「配当金だけで暮らせたら…」一度はそんな夢を描いたことはありませんか?
私自身、つみたてNISAを始めてから「いつか配当金だけで生活できたら」と漠然と考えていました。でも実際に計算してみると、思っていた以上に高いハードルがあることが分かりました。
今日は「配当金だけで年収300万円」を実現するには、実際どのくらいの元本が必要なのか、具体的な数字で見ていきたいと思います。
配当金だけで年収300万円、必要な元本は?
利回り別に必要な元本をまとめてみました。
・利回り3%(国内高配当株の平均的水準):必要元本 約1億円
・利回り4%(SPYD・VYM等の高配当ETF):必要元本 約7,500万円
・利回り5%(個別高配当株中心):必要元本 約6,000万円
・利回り6%(かなりリスクを取った場合):必要元本 約5,000万円
正直、最初にこの数字を見たとき「えっ、そんなに…」と思いました。利回り4%の比較的現実的な水準で考えても、7,500万円という金額は、多くの人にとって簡単には届かない金額です。
さらに立ちはだかる「税金の壁」
ここで見落としがちなのが税金です。
NISA口座以外で受け取る配当には20.315%の税金がかかります。つまり、手取りで年収300万円を得るためには、税引前で約376万円の配当が必要になる計算です。
上の表の元本は、実はさらに+25%程度多く見ておく必要があるということです。
新NISAは生涯非課税枠が1,800万円までと決まっているので、仮に7,500万円〜1億円規模で運用するとなると、その大部分は課税口座にならざるを得ません。非課税の恩恵をフルに受けられるのは、あくまで一部だけ、というのが現実です。
「配当金だけ」を目指すのは現実的じゃない
ここまでの数字を見ると、「配当金だけで生活する」というのは、よほど大きな資産を持っている人でない限り、現実的なゴールとは言いにくいというのが正直なところです。
でも、だからといって投資をする意味がないわけではありません。むしろ私は、ここで改めて「長期投資」の価値を実感しました。
それでも「長期投資」が有効な理由
複利効果は時間が長いほど効いてくる
投資の利益が利益を生む「複利」の効果は、時間が長いほど大きくなります。たとえ少額からのスタートでも、10年、15年と続けることで資産は雪だるま式に育っていきます。
50代からでも、まだ15年ある
「もう50代だから遅い」と思う方もいるかもしれませんが、60代半ば〜後半までの15年というのは、複利効果を活かすには十分な期間です。私自身も今、この15年という時間軸を意識しながら資産配分を考えています。
配当「だけ」にこだわらない
配当金という「インカムゲイン」だけでなく、資産が値上がりする「キャピタルゲイン」も合わせたトータルリターンで考えると、もっと現実的な選択肢が見えてきます。必要なときに資産の一部を売って使う、という発想です。

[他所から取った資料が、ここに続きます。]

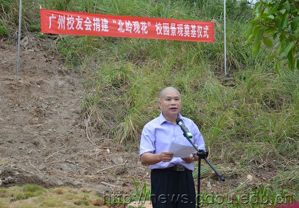海大广州校友会的校友代表牟晋军在仪式上致辞,表达了对母校的祝福和感恩。他说:“广州校友会能为母校的人文建设做贡献,非常荣幸,‘北岭观花’校园景观可以看作是我们广州校友会根在海大、心向海大的一个精神寄托,希望日后建成,它能成为海大文化的一个载体,也希望它能成为海大未来千万学子感恩之心的萌芽之地。”最后他深情祝愿海大的教育事业越办越好,更上一层楼。
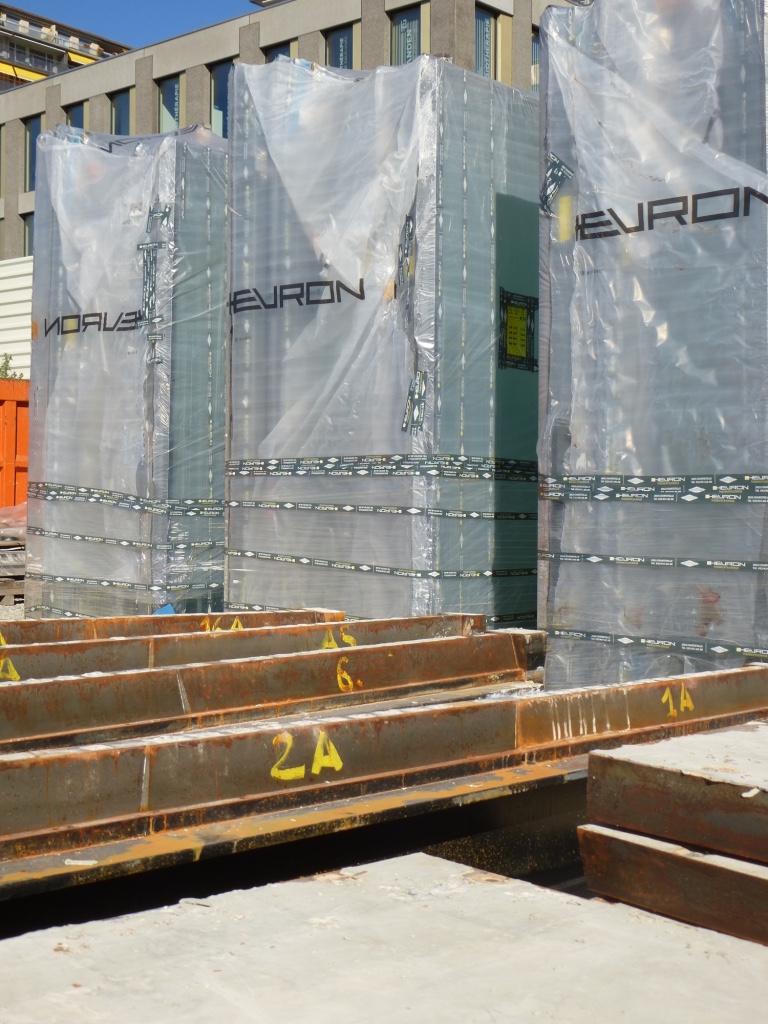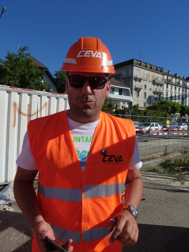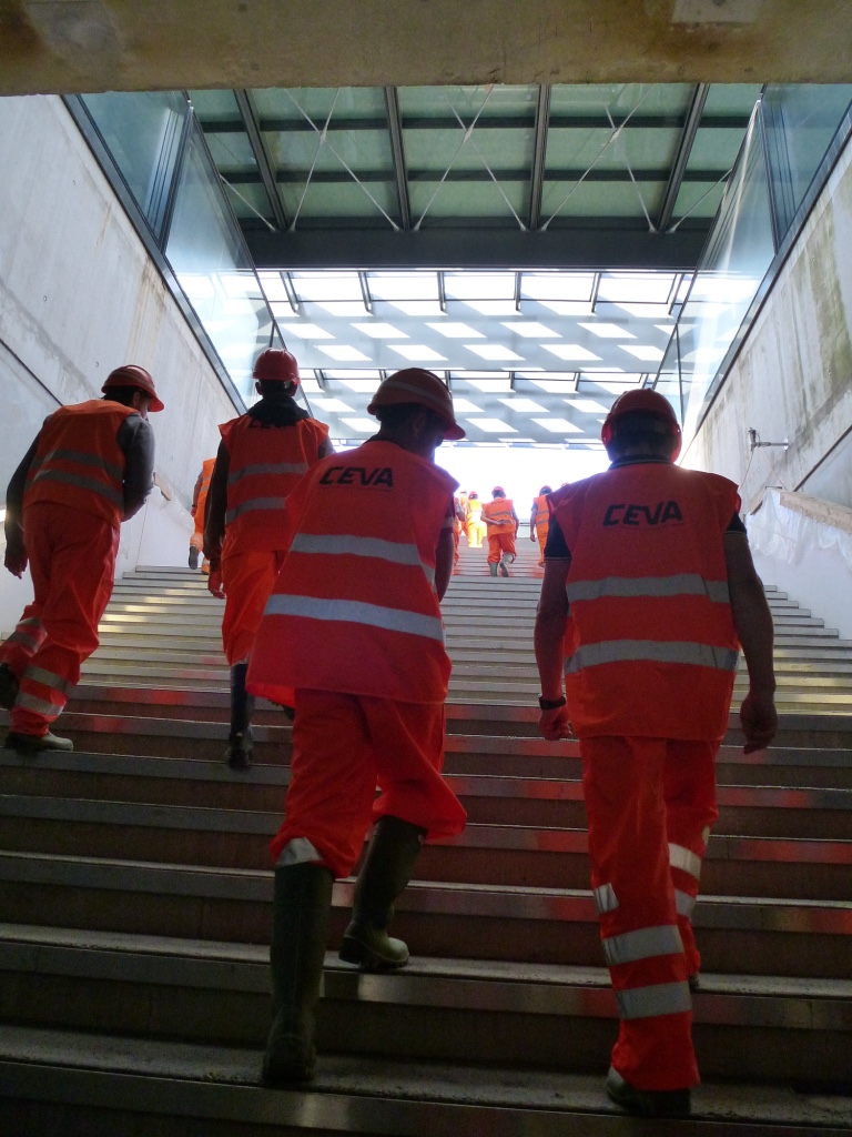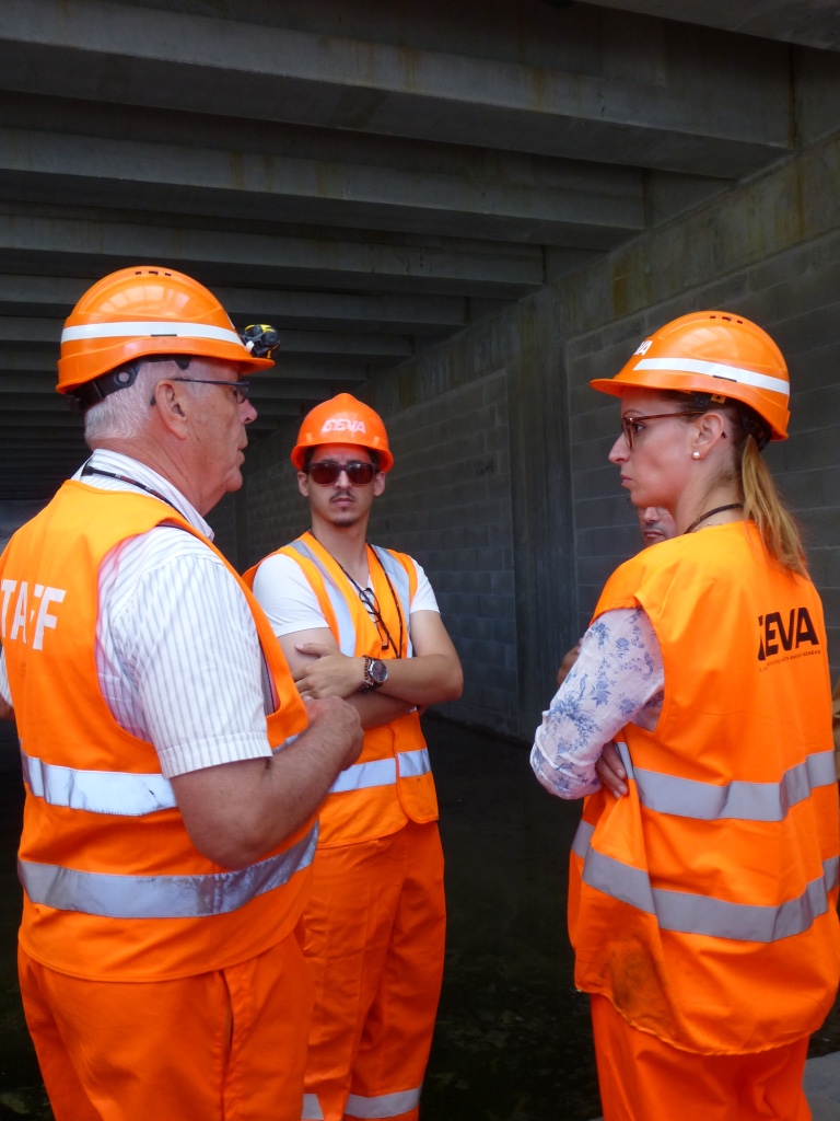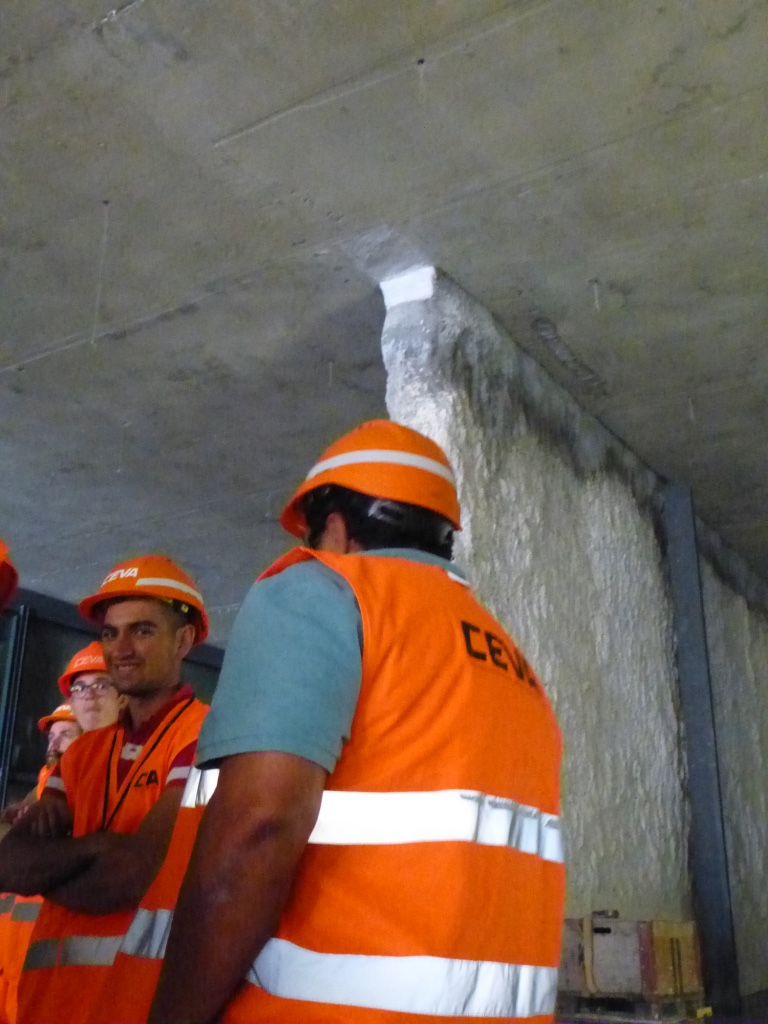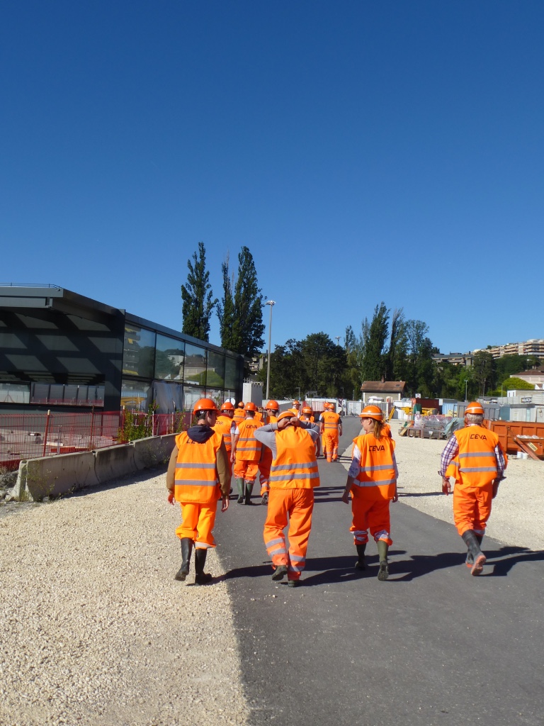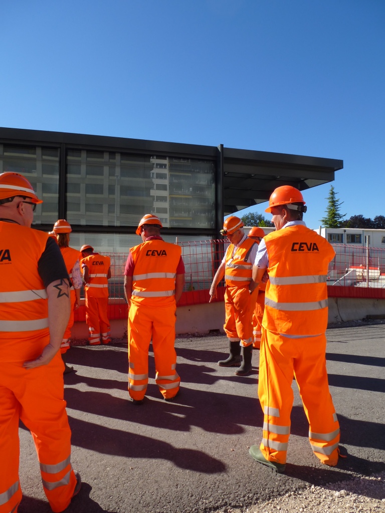 Avant de se rendre sur le chantier, les participants sont donc réunis dans le pavillon coloré du Léman Express/CEVA, où ils peuvent découvrir une petite exposition en attendant les quelques retardataires. Serge Anet, coordinateur des visites et guide du CEVA, présente ensuite le projet avec des explications détaillées, des chiffres, des données techniques et informations sur les différentes procédures et oppositions. Puis tout le monde revêt la tenue de chantier et se dirige vers les travaux de la gare des Eaux-Vives. La « vraie » visite commence pour les invités, tous des professionnels de la construction. La théorie fait place aux questions et entretiens individuels avec les trois accompagnants du CEVA. Les panneaux vitrés recouvrant la gare sont examinés de près : Leur structure confère un caractère spécifique à la gare et diffuse la lumière. Cette caractéristique se retrouve sur tous les chantiers du CEVA.

では、実際にお金が必要になったら、どう資産を使えばいい?
配当金だけに頼らないとなると、次に気になるのが「貯めた資産を、どうやって取り崩していくか」という問題です。
・定額で取り崩すのか、定率で取り崩すのか
・どの口座から先に取り崩すべきか
・暴落のタイミングで取り崩すとどうなるのか
・そもそも、いつから取り崩しを考え始めればいいのか
特に50代の方にとっては「いつから準備を始めるべきか」が気になるところだと思います。

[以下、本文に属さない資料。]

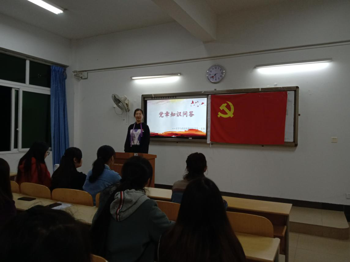 2019年10月25日晚,Mksport体育第一支部委员会在6105举办关于《党章》知识的竞赛。Mksport体育团总支书记李香贞,辅导员何宇婧、李玲以及2018级第一期颂党育青全体成员参加本次教育活动。
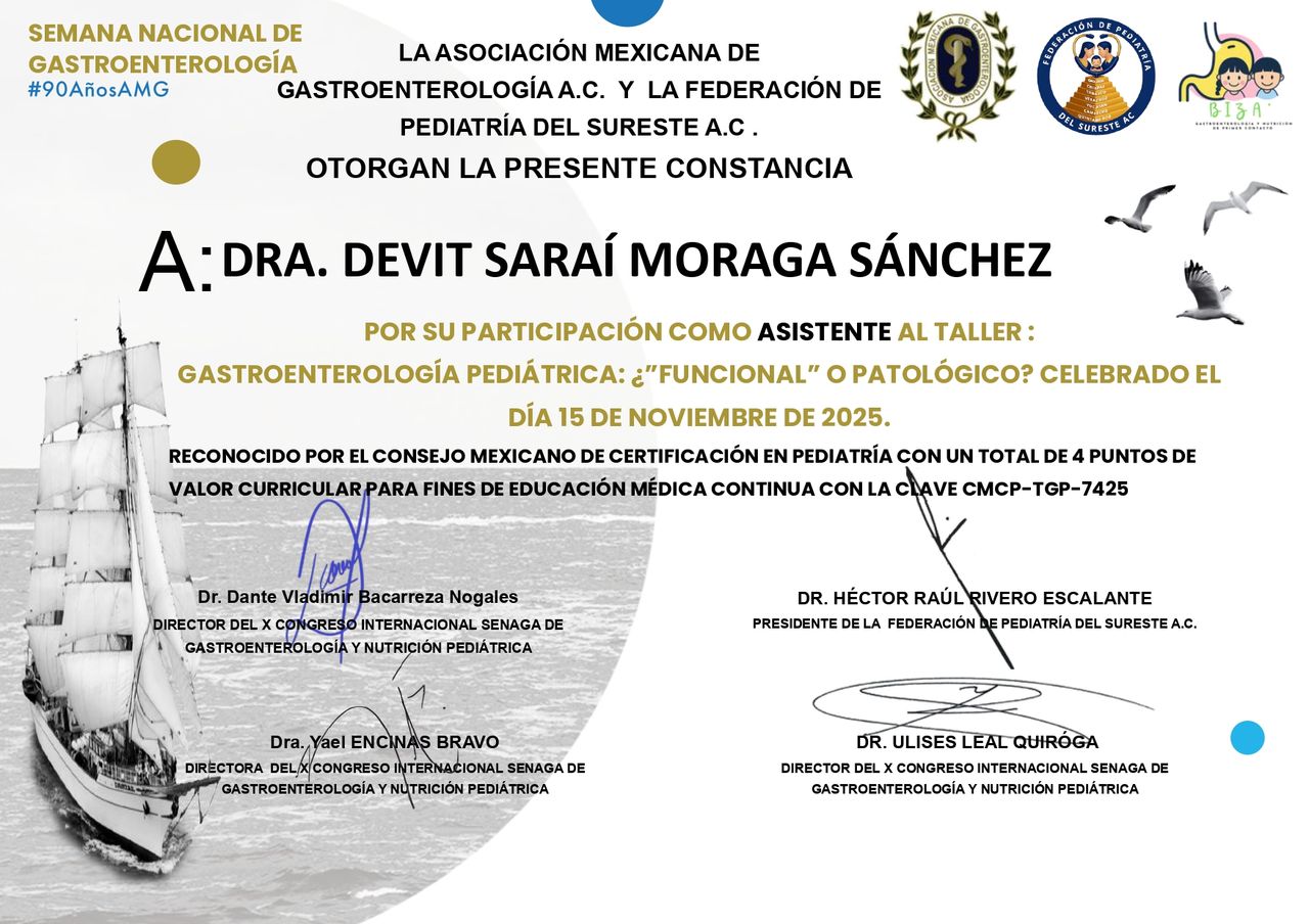 Apasionada por brindar un servicio de calidad enfocado en la salud digestiva de los más pequeños. Por ello, he dirigido mi formación hacia la Gastroenterología y Nutrición Pediátrica, siendo egresada del Instituto Nacional de Pediatría, uno de los mejores hospitales pediátricos del país. Durante mi estancia, tuve la oportunidad de participar en el diagnóstico y manejo de las patologías gastrointestinales pediátricas más desafiantes. Mi objetivo es mejorar la calidad de vida de los niños, trabajando en equipo con su familia, otros especialistas y su entorno.

次回の記事では、この「取り崩し」について、基本的な考え方や流れをさらっと整理してお伝えします。詳しい実践方法は、また改めてじっくり記事にする予定です。
※本記事は一般的な利回り計算に基づくシミュレーションであり、特定の投資商品や手法を推奨するものではありません。実際の運用には元本割れのリスクが伴います。投資判断はご自身の責任で行ってください。